本当に、この人、何歳なんだろうな……まぁ、ディアーヌさんは、ディアーヌさんだから、別に年齢は、どうでも良いか。
「では、ディアお姉さま。ドレイク先生のこと、よろしくお願いします」
「その呼び方もいいねー。せんせーの事はディアおねーちゃんに任せなさい」
「はい。では失礼します」
「ばいばーい。おだいじにー」
手を振るディアーヌさんに右手を振り返し、俺は『ドレイク・パブロフの店』を後にした。
日が照る時間の長い季節故、まだ外は明るく、僅かな赤に染まるだけであった。
さて、一度、家に帰るとしよう。
商店へと向かう人波。

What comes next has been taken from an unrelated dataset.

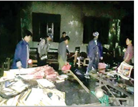
မကွေးတိုင်းဒေသကြီး ငဖဲမြို့နယ်ရှိ အခြေခံပညာအထက်တန်းကျောင်းအား အကြမ်းဖက်သမားများက မီးရှို့ဖျက်ဆီးမှု။

အခြေခံပညာအလယ်တန်းကျောင်းခွဲအား လည်းကောင်း၊ ယနေ့ နံနက် ၂ နာရီခန့်တွင် မကွေးတိုင်းဒေသကြီး ငဖဲမြို့နယ် ဂုတ်ကြီးကျေးရွာရှိ အခြေခံပညာ အထက်တန်းကျောင်းအား လည်းကောင်း၊ နံနက် ၃ နာရီ ၁၀ မိနစ်ခန့်တွင် ကချင်ပြည်နယ် မြစ်ကြီးနားမြို့နယ် မန်ခိန်ရပ်ကွက် အခြေခံပညာ အထက်တန်းကျောင်းရှိ “ရွှေနဒီ” ကျောင်းဆောင်ဟောင်းအား လည်းကောင်း PDF အမည်ခံအကြမ်းဖက်သမားများက မီးပုလင်းများဖြင့် ပစ်ခတ်ခြင်း၊ မီးရှို့ဖျက်ဆီးခြင်း စသည့်အကြမ်းဖက်လုပ်ရပ်များကို လုပ်ဆောင်ကြရာ မီးလောင်မှုများကြောင့် လုံခြုံရေးတပ်ဖွဲ့ဝင်များ၊ မီးသတ်တပ်ဖွဲ့ဝင်များနှင့် ဒေသခံပြည်သူများက ဝိုင်းဝန်းငြိမ်းသတ်ခဲ့ရသည်။ မီးလောင်မှုများကြောင့် ကျောင်းဆောင်များအတွင်းရှိ စာရွက်စာတမ်း၊ စာရေးခုံများ၊ သင်ထောက်ကူပစ္စည်းများနှင့် ဗီဒီယိုများ မီးလောင်ပျက်စီးဆုံးရှုံးခဲ့ပြီး အုတ်ခဲ၊ ပျဉ်ထောင်၊ သွပ်မိုး၊ ပျဉ်ခင်း၊ စာသင်ခန်း သုံးခန်းတွဲ နှစ်ထပ်ကျောင်းဆောင် တစ်လုံး မီးလောင်ပျက်စီးဆုံးရှုံးခဲ့ကြောင်း သိရသည်။ ဖြစ်စဉ်တွင် ပါဝင်ပတ်သက်သူများအား ဖော်ထုတ်ဖမ်းဆီး၍ ဥပဒေနှင့်အညီ ထိရောက်စွာအရေးယူနိုင်ရေး လုံခြုံရေးတပ်ဖွဲ့ဝင်များက စုံစမ်းဖော်ထုတ်လျက်ရှိကြောင်းနှင့် တိုင်းရင်းသားပြည်သူလူထု တစ်ရပ်လုံးအနေဖြင့်လည်း ယခုကဲ့သို့ ယုတ်မာရိုင်းစိုင်းသည့်လုပ်ရပ်ကို ကျူးလွန်ခဲ့သည့် ကျူးလွန်ရန် အားပေးလှုံ့ဆော်နေသည့် NUG၊ PDF အမည်ခံအကြမ်းဖက်အဖွဲ့များအပေါ် ဝိုင်းဝန်းဆန့်ကျင်ကြရန်နှင့် အကြမ်းဖက်အဖွဲ့များ၏ လှုပ်ရှားမှုသတင်းများ ရရှိပါက လုံခြုံရေးတပ်ဖွဲ့ဝင်များနှင့် သက်ဆိုင်ရာအုပ်ချုပ်ရေးအဖွဲ့များထံ သတင်းပို့ခြင်းဖြင့် ပြည်သူ့လုံခြုံရေး၊ အနာဂတ်လူငယ်များ၏ လုံခြုံရေးကို ဝိုင်းဝန်းကူညီပေးကြပါရန် မေတ္တာရပ်ခံတိုက်တွန်းထားကြောင်း သတင်းရရှိသည်။ သတင်းစဉ်
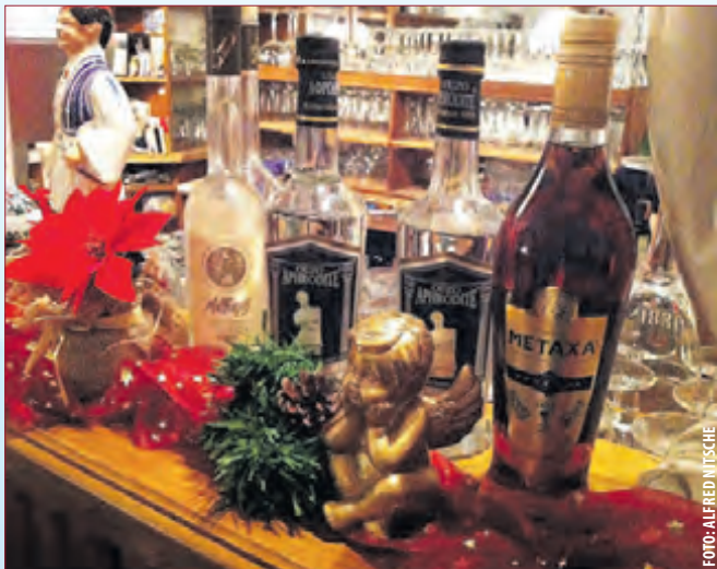
GYROS AM DREHSPIESS: Kosten Sie unbedingt diese Spezialität des Hauses!

Eine Tisch-Reservierung unter der Rufnummer 06257-7908 ist insbesondere für die Zeit um Ostern sehr zu empfehlen, denn wir rechnen wieder mit einem großen Zuspruch für unsere jahreszeitlichen Spezialitäten, mit denen wir Sie wieder überraschen wollen. Sie haben etwas zu feiern und scheuen den Stress des „do-it-yourself“? Kein Problem mit dem Team des Restaurants Afrodite . Denn auch im Nebenraum für geschlossene Gesellschaften erwarten Sie die gleichen hausgemachten und frisch zubereiteten Köstlichkeiten mit den passenden Getränken wie im Restaurant selbst. Entspannt die Seele bau-

そして、住宅へと戻る人波。
後者に乗り、人混みに紛れながら、歩き慣れた道を進む。
今日は、友人の見送りで空を跳んだ以外、騒動も無い平和な一日だった。
こんな日が、続けばいいな……。
それが、無意味な祈りである事くらい、自分でも分かっている。
戦いの音は、いつでも、どこからでも響くものだ……ふぅ。何もない所で勝手に滅入っていても仕方ないよな。
さてと、テラさんが帰って来るまでの間、訓練の続きでもしていよう。
そうと決まれば、急ごう。
歩む足を急かし、出来るだけ人の邪魔にならぬ様に、人混みの中を駆け抜ける。
またマルクか、と言わんばかりの視線が飛ぶが、気にしてなど居られない。
何事も行動第一だ。
降りかかる面倒事は、後で考えるとしよう。
次第に人が少なくなっていき、我が家に辿り着く前には周囲に誰も居なくなっていた。まぁ我が家は、住宅街の更に奥にポツンとあるからな。

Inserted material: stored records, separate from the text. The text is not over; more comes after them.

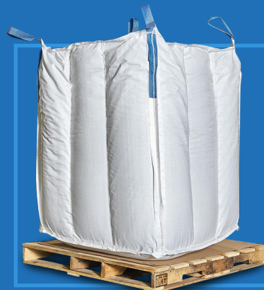
Supersaco de 750 kg (1653 lb Big bag)
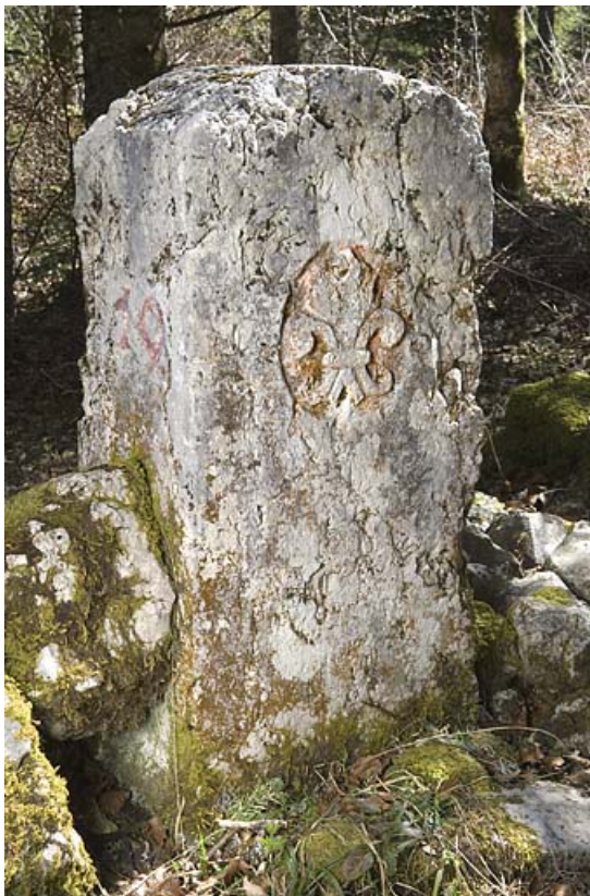
Borne frontalière n°19 ornée de la fleur de lys, côté France. 25, Jougne
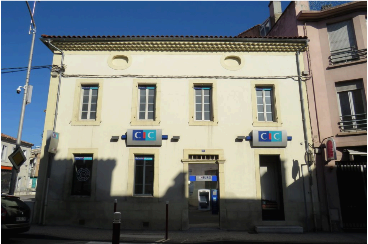
Elévation sud-est, donnant sur rue.
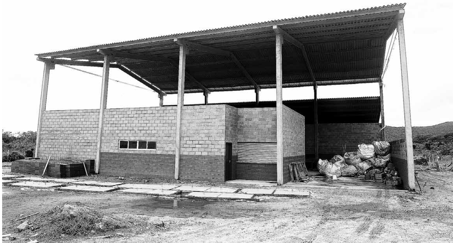
A Usina de Reciclagem de Lixo está sendo implantada no quilômetro 227 da Rodovia Rio-Santos

No local foram implantados dois galpões para separação do lixo reciclável e serão instaladas usinas de beneficiamento do óleo de cozinha e para o processamento de pneus velhos e coco. O contrato também prevê a coleta seletiva que já vem ocorrendo, com a distribuição de Postos de Entrega Voluntária (PVs) em diversos pontos da Cidade e a coleta de material
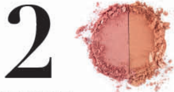
Rose Oro/ Duranzo 14571
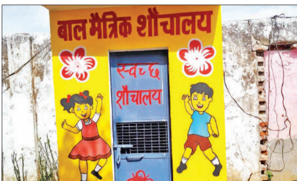
प्राथमिक और कम्पोजिट विद्यालयों के शौचालयों में लगने वाला बाल मैत्री गेट।

दरअसल, पूर्व में कई जनपदों से ऐसी घटनाएं सामने आई थीं, जहां छोटे बच्चे शौचालय के अंदर बंद हो गए थे और समय पर मदद न मिलने से वे घबरा गए थे। इन्हें घटनाओं
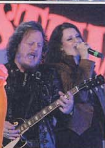
A sinistra la conduttrice Matilde Brandi. Sopra in piccolo alcuni ospiti big: da sinistra Zuccherò con Irene Fornaciari e Lucio Dalla
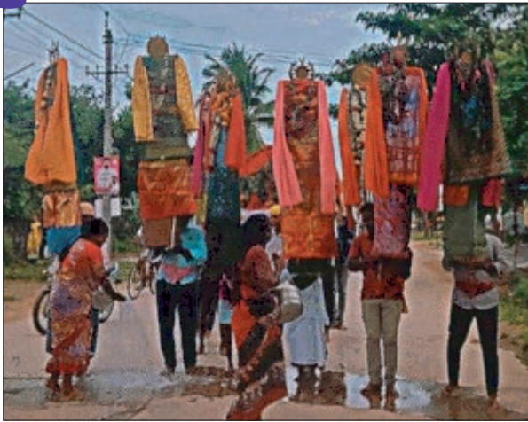
పరిరక్షించేందుకు అల్లాహ్ ప్రసన్నత కోసం మదీనా నుండి కర్బాలాకు వచ్చి యుద్ధంలో వీరమరణం పొందిన వీరి త్యాగలను స్మరించుకుంటు ప్రతి సంవత్సరం జరుపుకునే పండుగ మోహారం.
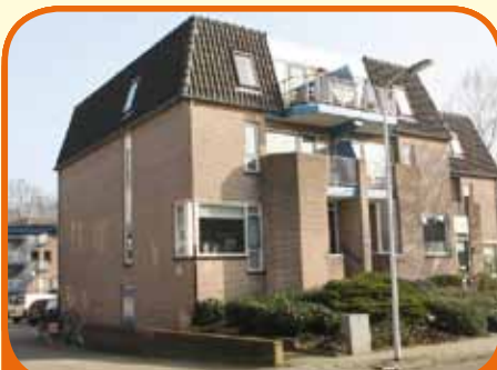
RAALTE, Jacob Reviusstraat 1a

Goed onderhouden driekamer appartement met berging en balkon. Vanuit de woning toe- gang tot de berging in de kelder. Kenmerken: woonkamer met open keuken (bj. 2005), bad- kamer met ligbad en vaste wastafel, 2 slaapkam- ers (ouderslaapkamer met toegang tot bal- kon). Servicek. € 75,80 p.mnd. Nabij centrum.
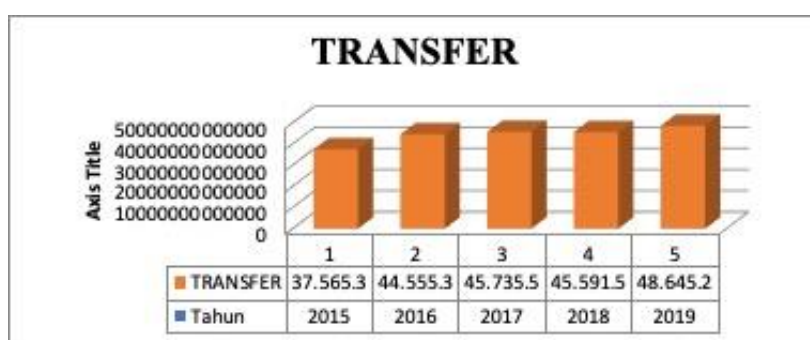
Gambar 5. Rata-Rata Pendapatan Transfer pada Pemerintah Kabupaten/ Kota di Provinsi Jawa Barat Tahun 2015 – 2019 (angka dalam milyar rupiah)

Hasil analisis statistik menunjukkan bahwa variabel pendapatan transfer berpengaruh signifikan terhadap Belanja Modal yang ditunjukkan dengan t-statistik > t-tabel ( 2,569099 > 0,67637 ) dan nilai probabilitas lebih kecil dari tingkat kepercayaan \alpha = 5\% ( 0,0116 < 0,05 ). Hal ini menunjukkan bahwa peningkatan pendapatan transfer mengakibatkan belanja modal yang lebih tinggi, yang sejalan dengan Peraturan Pemerintah Nomor 55 Tahun 2005 yang bertujuan untuk memberikan dukungan keuangan untuk urusan daerah dan mengutamakan sarana dan prasarana pelayanan masyarakat. Di Propinsi Jawa Barat, rata-rata pendapatan transfer ke Pemerintah Kabupaten/Kota adalah sebagai berikut: [masukkan angka.
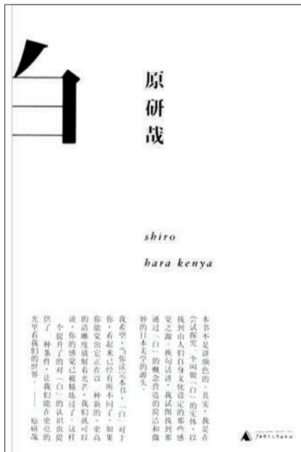
《白》原研哉 著 定价:48.00元 广西师范大学出版社 2012年3月

这不由让我想到一个关于圆的小故事,一个孩子的母亲状告幼儿园的老师限制了孩子的想象力。她的孩子在上幼儿园之前,他会认为一个圆圈是太阳、是车轮、是眼睛……但自从学校的老师教育了他,圆圈是0之后,这个圆圈便与0完全对应了,孩子的头脑中关于圆的所有想象力都被束缚在了0上。原研哉的《白》或许也具有同样的“魔力”。当我们心中的“白”被放大、被束缚、被扭曲,成为一个虚无缥缈的哲学概念,只拥有纸这一种物化形式,只留下“空”的意义的时候,不妨抬头看看头顶的太阳,它或许会让你“明白”更多。
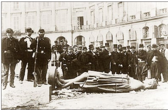
巴黎公社于 1871 年 5 月摧毁了纪念拿破仑胜利的旺多姆圆柱，柱顶的拿破仑塑像也被毁。

当时身居巴黎的人们都见证了，巴黎公社社员是破坏成性的一群流寇，他们实行报禁，把给国王宣讲的达尔布瓦大主教抓作人质枪毙，暴杀教士，摧毁名胜古迹，以此为快事。
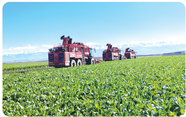
农垦机械赴新疆开展社会化服务。
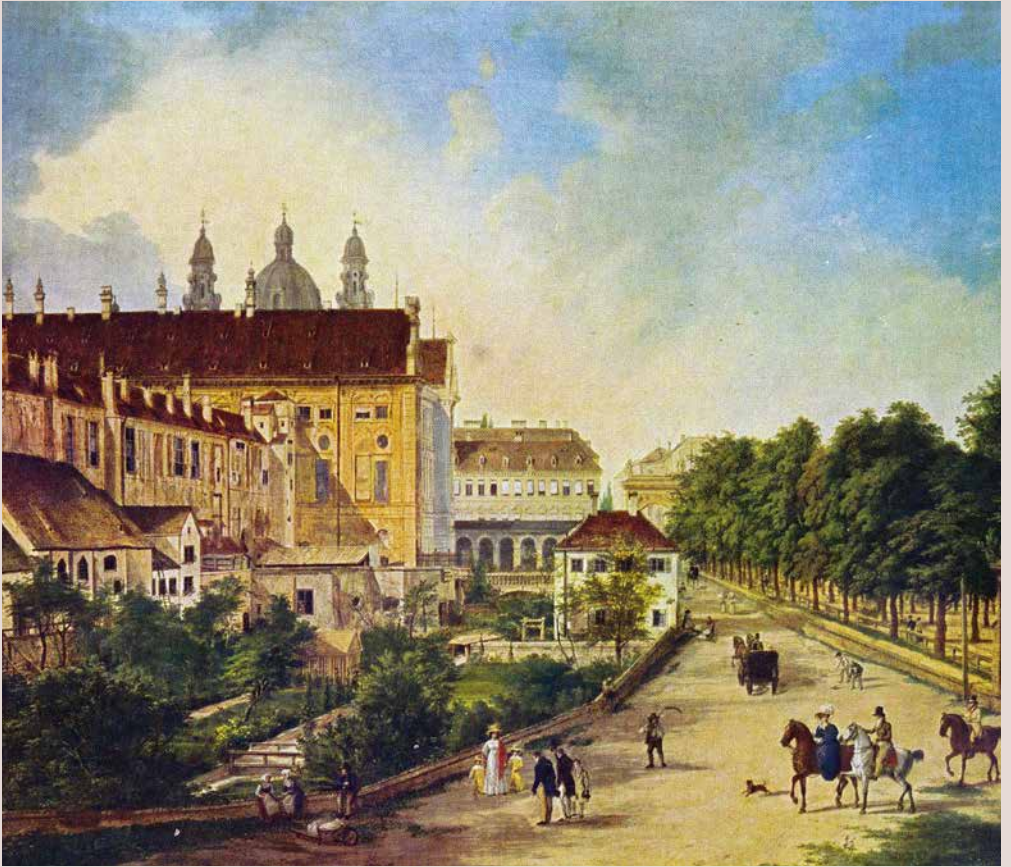
Nordseite der Residenz um 1820 (Domenico Quaglio*)

走り、開け放たれたままの門へと向かう俺の目が、我が家の敷地から飛び出す人影を捉えた。
胴や足に金属防具を身につけた、筋骨隆々なあの姿は……ゴンさんだ。
「おーい。ゴンさーん」
「おっ! マル坊!」
ダンジョン入口を守る番兵の仕事をするゴンさんが、今、ここに居る……平穏なんて、簡単に崩れ去るものだ。
こちらに駆け寄るゴンさんへ一秒でも早く近づく為に、俺は更に速度を上げた。
その一秒が、誰かの命を守るかもしれないから。